In normal traffic, almost no sessions are malicious. Compute a baseline on the assumption there are no Bad Actor rows.

In [48]:
baseline = label.copy()
baseline.values[:] = 0
compute_confusion(label, baseline)

accuracy: 0.9989184512221502 precision: 0.0 recall 0.0


(0.9989184512221502, 0.0, 0.0, 0, 0, 9236, 10)

# Conclusion
In a series of five related experiments, I explored an approach for distinguishing malicious sessions from innocent sessions and demonstrated its effectiveness.

The initial bag-of-transactions approach was extremely successful, with high accuracy and recall of almost 85%.
Adding session time features slightly improved recall at a tiny cost in precision.

Finally, using partial sessions did not greatly impair the performance of the algorithm, showing that the algorithm may be resilient enough for use in live traffic.

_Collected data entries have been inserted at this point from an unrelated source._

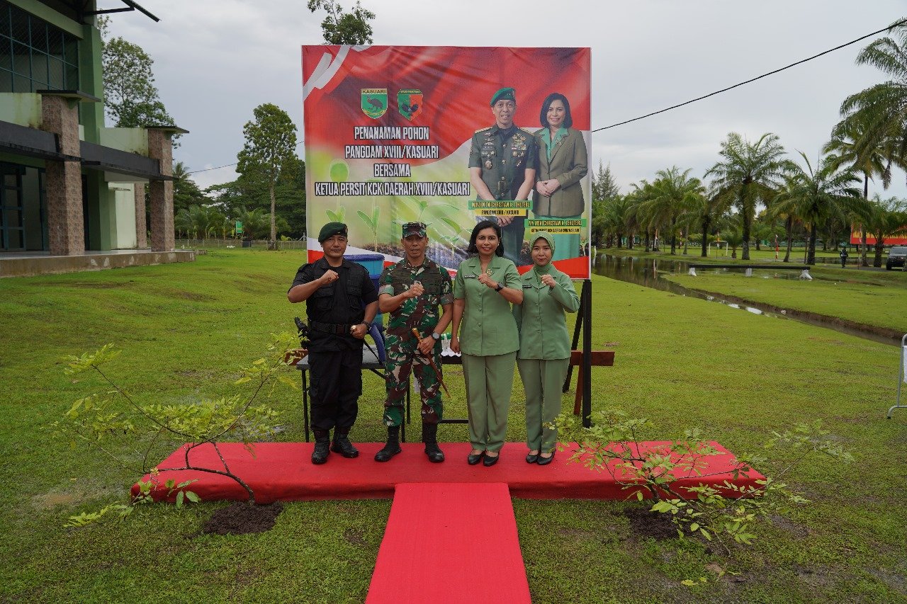 Kegiatan kunjungan ini juga dimeriahkan dengan aksi kepedulian terhadap lingkungan. Pangdam bersama Ibu Ketua Persit melakukan penanaman pohon di sekitar lingkungan Yonif 762/VYS sebagai bentuk komitmen terhadap pelestarian alam. Selain itu, dilakukan pula penyebaran bibit ikan di kolam satuan sebagai simbol keberlanjutan dan kemandirian di lingkungan militer.
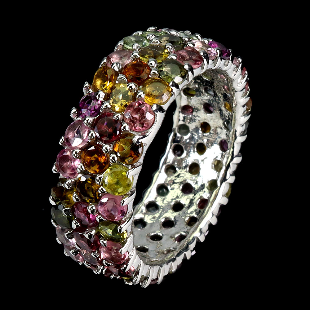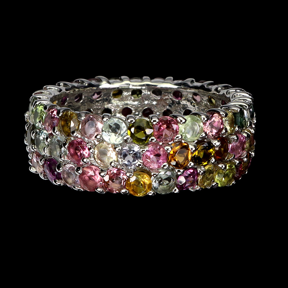 925 Sterling Silver Ring Round Tourmaline Natural Gemstone Jewelry Size 9
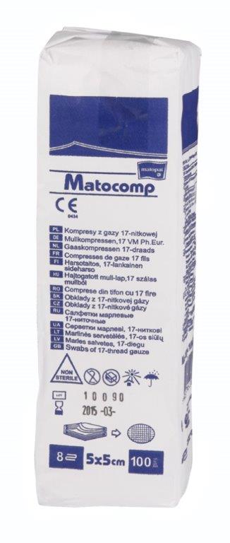 Matocomp - kompresy z gazy opatrunkowej, niejałowe. Stosowane do - pochłaniania płynów w trakcie zabiegów ambulatoryjnych i operacyjnych w przypadku ich jałowości, - celów higieniczno-kosmetycznych w przypadku ich wyjałowienia. Wykonane ze 100%, wysoce chłonnej gazy bawełnianej, bielonej metodą bezchlorową, która gwarantuje wysoki poziom czystości chemicznej. Zapewniają dużą zdolność wchłaniania wilgoci i płynów, są wydajne i ekonomiczne. Są miękkie i komfortowe dla pacjenta - znakomicie układają się na skórze i przylegają do rany. Bardzo dobrze przepuszczają powietrze - nie zakłócają naturalnych funkcji skóry. Pozbawione luźnych włókien na powierzchni kompresu, dzięki czemu podwyższone zostaje bezpieczeństwo użytkowania. Zabezpieczone w sposób uniemożliwiający wyprucie luźnej nitki kompresu. Można je poddawać sterylizacji parowej lub gazowej opakowanie papierowo-foliowe (torebka): 100 kompresów 17-nitkowych, 8-warstwowych wymiary 5cm x5cm Kompresy z gazy opatrunkowej są wyrobem jednorazowym. Podczas procedur inwazyjnych należy je stosować jedynie w stanie nierozwiniętym.
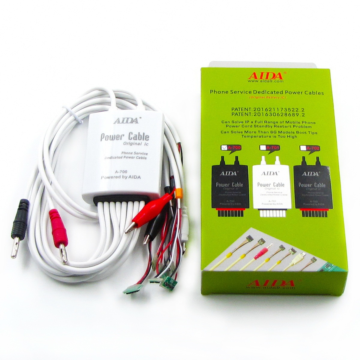 Кабелі для блоків живлення Aida A-700 з роз'ємами для підключення плат iPhone 4/4S/5/5S/SE /6/6S/6P/6SP, micro USB, крокодили
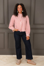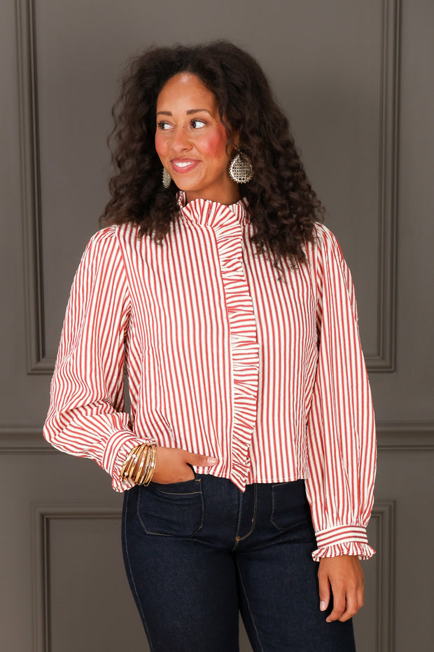 The Made in Time Red Striped Button Down Long Sleeve Top features a classic red and white pinstripe pattern with a ruffled collar and detailed accents. Its button-down design offers a polished look while keeping you comfortable throughout the day.
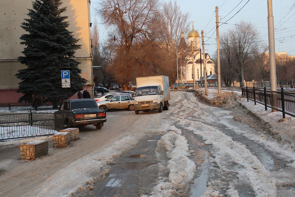 Эта жижа с трудно проходимой зоной находится (см. фото) рядом с Саратовским военным гарнизонным судом по адресу улица Международная, дом 8 «А». Недалеко, по адресу улица Международная, дом №1, расположена администрация Ленинского района города. Хотя на улице минус 5, но уже больше месяца по этой улице, на этом месте, течет ручьем водопроводная вода, превращая дорогу в жижу и каток. Я не знаю, какая тут произошла катастрофа, в результате которой уже целый месяц «текут» в Волгу деньги налогоплательщиков.
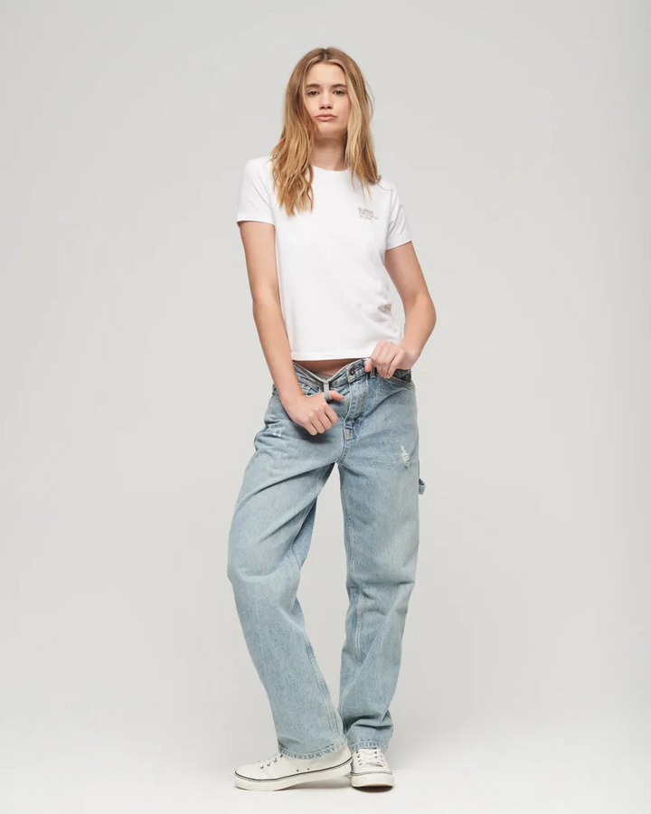 Añade un toque deportivo a tu fondo de armario con esta camiseta. Una opción emblemática para hacer toda una declaración de estilo, incluso cuando apuestas por un look informal. Combínala con tus vaqueros holgados favoritos para conseguir un look auténtico. Corte entallado: un diseño que se ajusta más al cuerpo para ofrecer un look más elegante, Cuello redondo, Manga corta, Estilo corto, Logotipo estampado, Logotipo bordado.
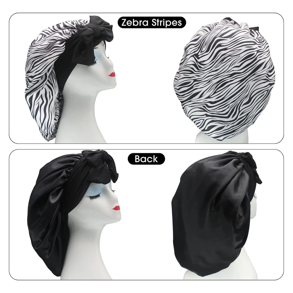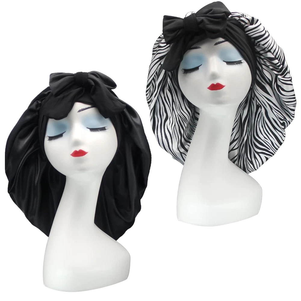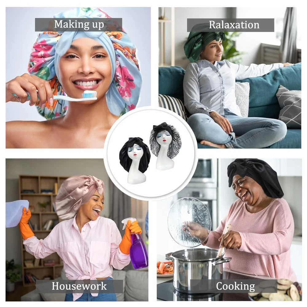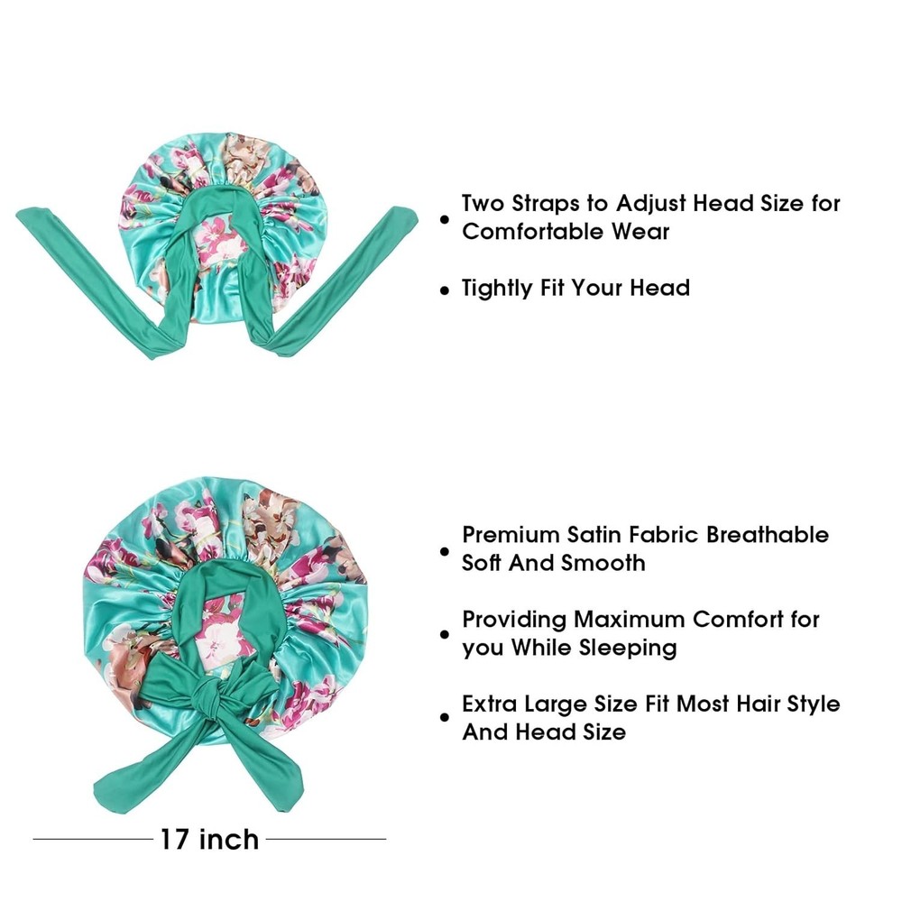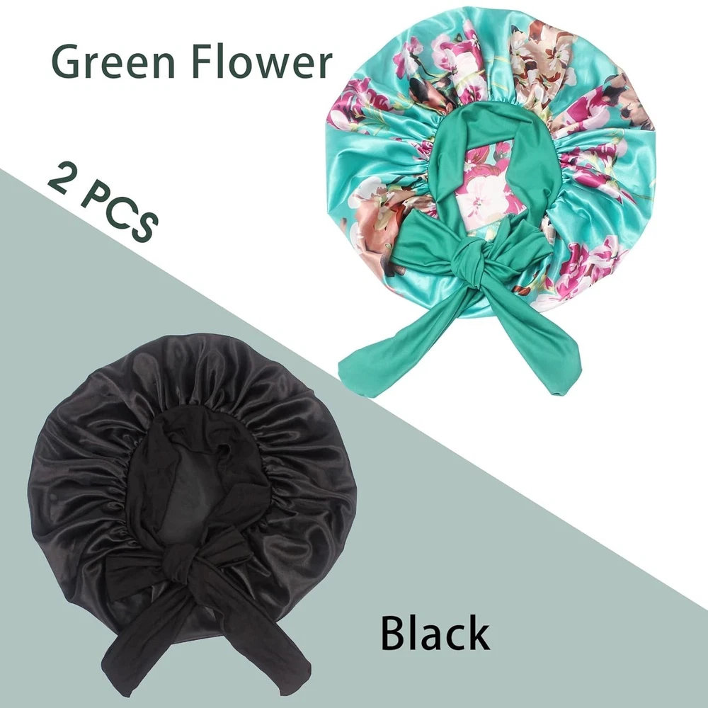【Satin Bonnet with Stretchy Tie Band】- This silk satin hat has a soft elastic long strap, you can make tie and make bonnet firmly on head, it protects your hair well. He makes you feel comfortable. Sleeps all night and doesn't slide off your head while sleeping. Not too tight and breathable. Washable and no fade. 【Comfortable Fit】- Our shower and bath caps are designed with a concealed adjustable flexiband to ensure they are comfortable for all head sizes. They also feature an adjustable bow for added comfort and an enhanced fit, making them perfect for all hair lengths and types. You can also make a nice bow on the forehead or side using the soft wide band to make you unique and beautiful. 【Premium Fabric】- Our reusable shower caps are made from an innovative premium performance fabric which is latex-free, breathable, durable and made to last. The soft silky material adheres to the skin and has a soft texture, ideal for everyday use. 【Stylish and wide Use】- The elastic silk head scarf will keep your beautiful appearance at work, sports, parties and outdoor dinners. Suitable for many occasions, face washing, skin care, hairdressing, sleeping, housework, cooking, makeup, fitness, running, etc. 【Perfect Gift】- You can send these beautiful and practical sleep hats to your wife, mother, sister, girlfriend on birthday, Mother's Day, Thanksgiving Day, Anniversary, Christmas, New Year, etc. Set Includes : 17" 2 Pack Shower Caps (Black+Green Flower),

All experiments performed much better than the baseline assumption that there is no attack traffic.

# Remaining work

1. Fix wait_for_endpoints.
1. Move TrainingHelper and the other helpers into the JupyterHelper package
1. Final cleanup so that there's a single panel that runs everything start to finish.
    - consider creating a DataHelper class to move some of that stuff out
1. Finish writing the batch test driver so that it prints a comparison of the results of the experiments
1. Go back and add back the session-timing results that we seem to have dropped out of this architecture
    - this might mean having to have a separate notebook
    - consider combining the flatten method with the grouping approach, or putting an 'if' so that flatten only drops the sess_col when it's there.
1. Review the rubric, correct, and submit.